James Rebanks on his sheep farm in England (Guardian photo by Christopher Thomond) |
"I was shocked by the signs of decline I saw in rural America," he writes. "I saw shabby wood-frame houses rotting by the roadside, and picket fences blown over by the wind. I passed boarded-up shops in the hearts of small towns, and tumbledown barns and abandoned farmland. The church notice boards were full of offers of help to people with drug or alcohol addictions. And yes, suddenly I was passing cars with Trump stickers on their bumpers, and passing houses with Trump flags on their lawns."
"The economic distress and the Trump support are not unconnected, of course," he writes. "Significant areas of rural America are broken, in terminal economic decline, as food production heads off to someplace else where it can be done supposedly more efficiently. In many areas, nothing has replaced the old industries. This is a cycle of degeneration that puts millions of people on the wrong side of economic history."

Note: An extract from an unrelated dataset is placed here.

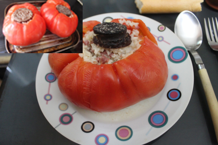 Como nos encaprichamos de dos enormes tomates, después toco consumirlos y pensé en realizarlos rellenos de arroz y jamón decorados con una rodajita de morcilla de arroz.
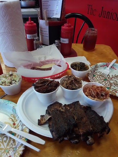 Wonderful family owned establishment. Service. Food. Outdoor grilling. Indoor BBQ atmosphere. My favorites: spicy mac n cheese, turnip greens, cornbread, coleslaw, bbq chicken.

"For my entire life, my own country has apathetically accepted an American model of farming and food retailing, mostly through a belief that it was the way of progress and the natural course of economic development," he writes. "As a result, America’s future is the default for us all. It is a future in which farming and food have changed and are changing radically—in my view, for the worse. Thus I look at the future with a skeptical eye. We have all become such suckers for a bargain that we take the low prices of our foodstuffs for granted and are somehow unable to connect these bargain-basement prices to our children’s inability to find meaningful work at a decently paid job."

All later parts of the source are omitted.